[tiré
de : MIRCEA ELIADE, Méphistophélès et l'androgyne
pp. 141-142 ]
L'androgyne au XIXe siècle.
Séraphita est sans doute le plus séduisant des
romans fantastiques de Balzac. Non pas à cause des théories
de Swedenborg dont il est imbu, mais parce que Balzac
a réussi à donner un éclat sans pareil à
un thème fondamental de l'anthropologie archaïque : l'androgyne
considéré comme l'image exemplaire de l'homme parfait.
On se rappelle le cadre et le sujet du roman. Dans un château
à la lisière du village de Jarvis, près du fjord
Stromfjord, vivait un être étrange d'une beauté
mobile et mélancolique. Comme certains personnages de Balzac,
il semblait cacher un terrible « secret », un « mystère
» impénétrable. Mais, cette fois-ci, il ne s'agit
plus d'un « secret » comparable à celui de Vautrin.
Le personnage de Séraphita n'est pas un homme rongé par
son propre destin et en conflit avec la société. C'est
un être qualitativement différent du reste des mortels,
et son « mystère » se rattache non pas à certains
épisodes ténébreux de son passé, mais à
la structure de sa propre existence. Car le mystérieux personnage
aime Minna et en est aimé. Elle le voit comme un
homme, Séraphitus ; il est encore aimé par Wilfred, aux
yeux duquel il passe pour être une femme, Séraphita.

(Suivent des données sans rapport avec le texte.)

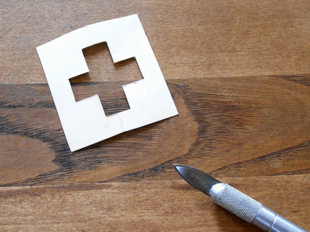 Prepare you DesignStep 1: Make a simple stencil for your pattern. My gold cross is 1/2" long and wide, giving me a total design area of 1 1/2" x 1 1/2"

Ce parfait androgyne était né de parents quiavaient été
des disciples de Swedenborg. Bien qu'il ne fût jamais sorti de
son fjord, n'eût ouvert
aucun livre, parlé avec aucun savant et pratiqué aucun
art, Séraphitus-Séraphita faisait preuve d'une érudition
considérable et ses facultés mentales dépassaient
celles des mortels. Balzac décrit avec une pathétique
naïveté les qualités de cet androgyne, sa vie solitaire,
ses extases contemplatives. Tout ceci, évidemment, basé
sur les doctrines de Swedenborg, car le roman est écrit surtout
pour illustrer et commenter les théories swedenborgiennes sur
l'homme parfait. Mais l'androgyne de Balzac n'appartient que très
peu à la terre. Sa vie spirituelle est entièrement dirigée
vers le ciel. Séraphitus-Séraphita vit uniquement pour
se purifier et pour aimer. Bien que Balzac ne le dise pas expressément,
on comprend que Séraphitus-Séraphita ne peut quitter la
terre avant d'avoir connu l'amour. Il s'agit peut-être de la dernière
et la plus précieuse perfection : aimer réellement et
conjointement deux êtres, de sexes opposés.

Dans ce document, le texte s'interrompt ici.